As is his occasional style, Mike Volkov began this post on his Corruption Crime & Compliance blog with a rant:
“Akin to politics (to a smaller degree), there is a fair amount of disinformation, some call it bloviating, put out by the FCPA Paparazzi. Some of this disinformation is motivated by immature attempts to “market” legal services; other sources of disinformation carry a readily apparent bias, one way or the other, and usually are supported by self-citations to one’s own “scholarship” to prove their points.”
When ranting, one can at least be a bit more specific and perhaps provide supporting links so that readers can decide for themselves the veracity of the assertions.
In any event, it was a bit ironic that a few days after the above rant a post was published on Corruption Crime & Compliance titled “Doing Business in China Should be “Scary.”
As most FCPA-fear based marketing pieces do, the post begins with a current events hook (the recent Novartis enforcement action), contains the phrase a “perfect storm” and asserts that “companies should absolutely be scared of doing business in China.” And then of course, as most fear-based marketing pieces do, the post ended with a simplistic solution in this case with five generic steps (such as “train,” “communicate” and “be proactive”) to “make doing business in China a little less scary.”
Does business in China entail FCPA risk?
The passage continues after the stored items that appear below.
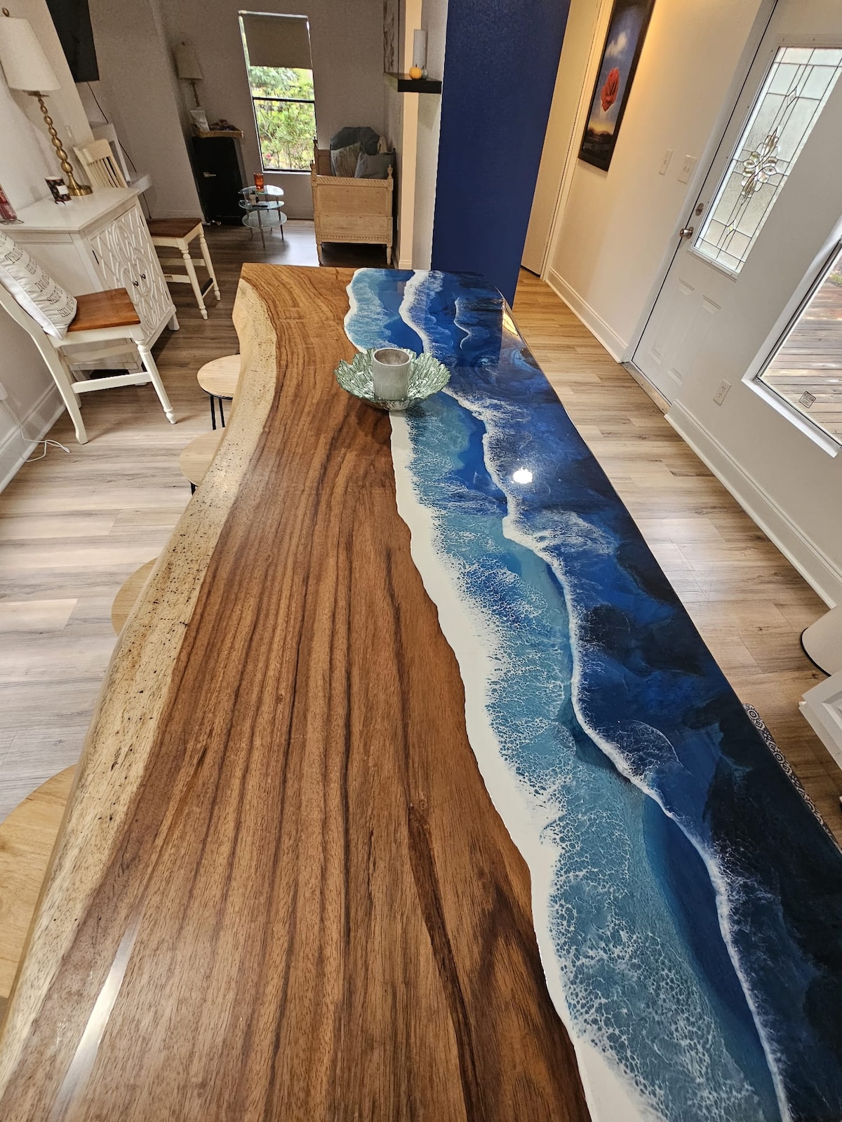 Kick back and relax in this calm, stylish space, with relaxing views of the lake, with the bonus of a unique modern Moroccan-style salon. Our two-bedroom / two-bathroom condo is surrounded by trees, and windows throughout, helping you to relax and enjoy nature. The Moroccan salon serves as an additional space to watch the game on the 80" TV or move the cushions and the two large seating areas convert into a wonderful twin-size, sleeping space that accommodates two additional people.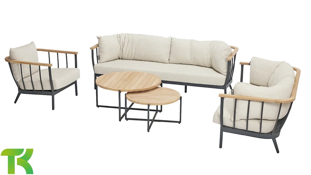| Materialien Loungegruppe | Teak, Pulverbeschichtet Aluminium/Stahl |
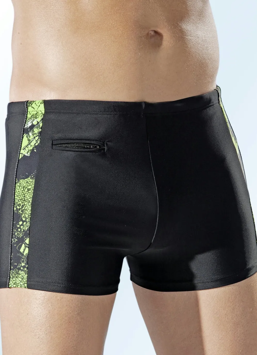 Tolle, schwarze „Naturana“-Badehose: höhere Kastenform, grüne Einsätze, Kordelzug im Dehnbund, Reißverschlusstasche, Vorderfutter.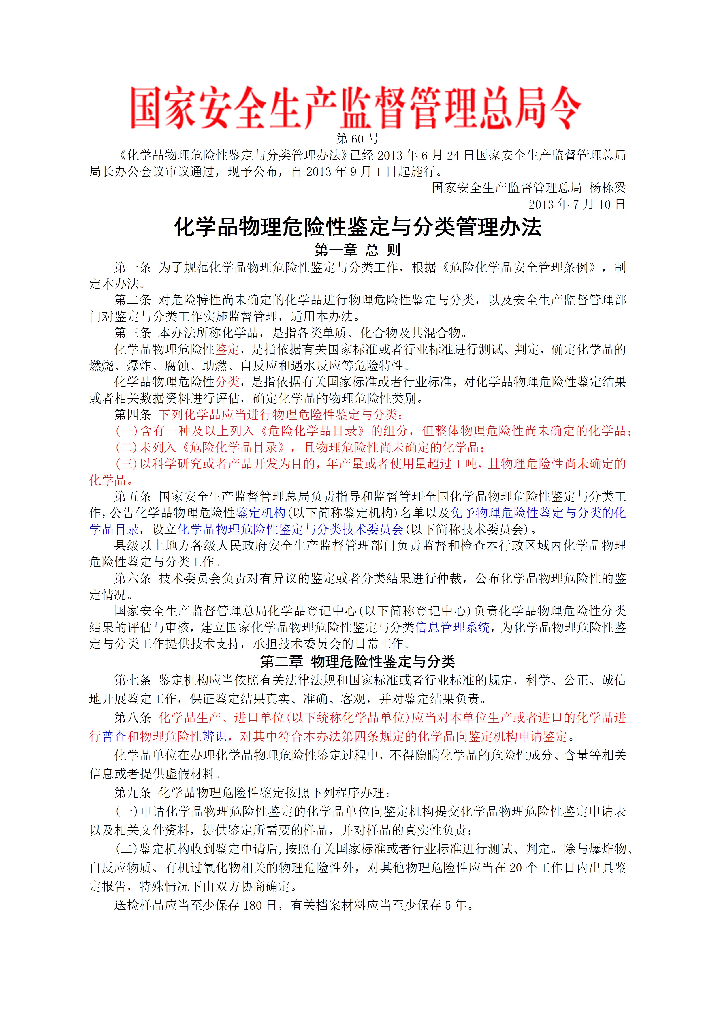 国家安监总局令2013第60号化学品物理危险性鉴定与分类管理办法[文档]

Absolutely.
Have several FCPA enforcement actions (or instances of disclosed FCPA scrutiny) concerned alleged improper conduct in China? Yes, but FCPA enforcement actions and scrutiny tend to be directly related to the extent of business in any particular country and to state the obvious there are more business organizations subject to the FCPA doing business in China than in Ethiopia, Honduras, or Madagascar (to name just a few countries).
However, the notion that doing business in China is “scary” and that “companies should absolutely be scared of doing business in China” is ridiculous.
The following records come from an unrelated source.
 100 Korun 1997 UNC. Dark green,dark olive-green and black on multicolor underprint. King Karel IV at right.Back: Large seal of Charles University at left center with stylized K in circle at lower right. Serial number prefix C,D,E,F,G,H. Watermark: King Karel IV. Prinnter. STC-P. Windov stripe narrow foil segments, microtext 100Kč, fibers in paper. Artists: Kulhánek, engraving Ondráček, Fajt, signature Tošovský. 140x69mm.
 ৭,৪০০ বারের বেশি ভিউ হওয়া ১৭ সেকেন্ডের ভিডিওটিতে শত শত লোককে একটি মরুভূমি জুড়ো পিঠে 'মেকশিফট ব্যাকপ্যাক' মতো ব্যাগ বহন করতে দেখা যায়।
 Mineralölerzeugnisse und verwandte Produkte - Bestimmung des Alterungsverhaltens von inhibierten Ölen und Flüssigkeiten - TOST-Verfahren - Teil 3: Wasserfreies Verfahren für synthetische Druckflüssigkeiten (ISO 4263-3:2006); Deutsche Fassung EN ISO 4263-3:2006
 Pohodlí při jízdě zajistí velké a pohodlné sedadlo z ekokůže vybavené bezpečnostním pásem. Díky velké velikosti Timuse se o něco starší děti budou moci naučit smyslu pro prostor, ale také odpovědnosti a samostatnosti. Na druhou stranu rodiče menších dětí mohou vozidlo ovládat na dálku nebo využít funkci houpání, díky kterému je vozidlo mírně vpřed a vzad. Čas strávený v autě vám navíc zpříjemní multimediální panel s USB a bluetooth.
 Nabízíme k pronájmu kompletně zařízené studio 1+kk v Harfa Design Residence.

Tens of thousands, indeed likely hundreds of thousands, of companies subject to the FCPA do business in China and China is the most attractive market in the world for foreign direct investment (FDI). Indeed, according to World Bank figures foreign direct investment in China has generally increased during the FCPA’s new era of enforcement.
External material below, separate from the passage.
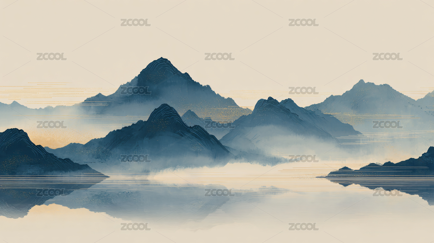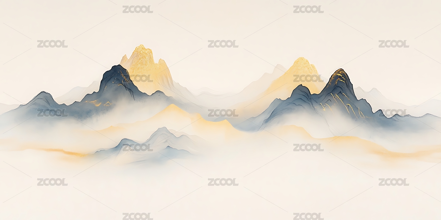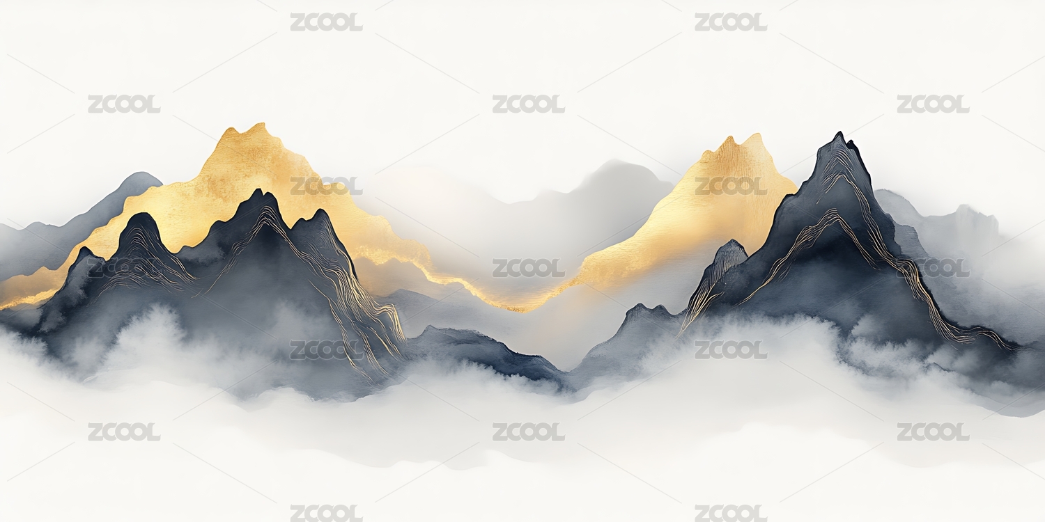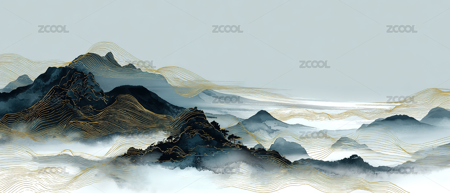 新中式,水墨,山水,黑金,云雾,意境,装饰画,金色山脉,绿色,山峦

Against this backdrop, the fact that there tends to be 3-5 FCPA enforcement actions per year concerning alleged conduct in China (often enforcement actions that originated with voluntary disclosures and often enforcement actions based on dubious and untested legal theories) is unremarkable.
As Volkov himself previously observed:
“The FCPA Paparazzi has done a great disservice to the business community. Call it a complete lack of credibility. Legal marketing has become confused in this day and age – marketing has now been turned into the ‘Fear Factor,’ meaning that lawyers need to scare potential clients into hiring them. That is flat-out wrong. Each week, new client alerts, client warnings and other cries of impending disaster are transmitted through the Internet to businesses.”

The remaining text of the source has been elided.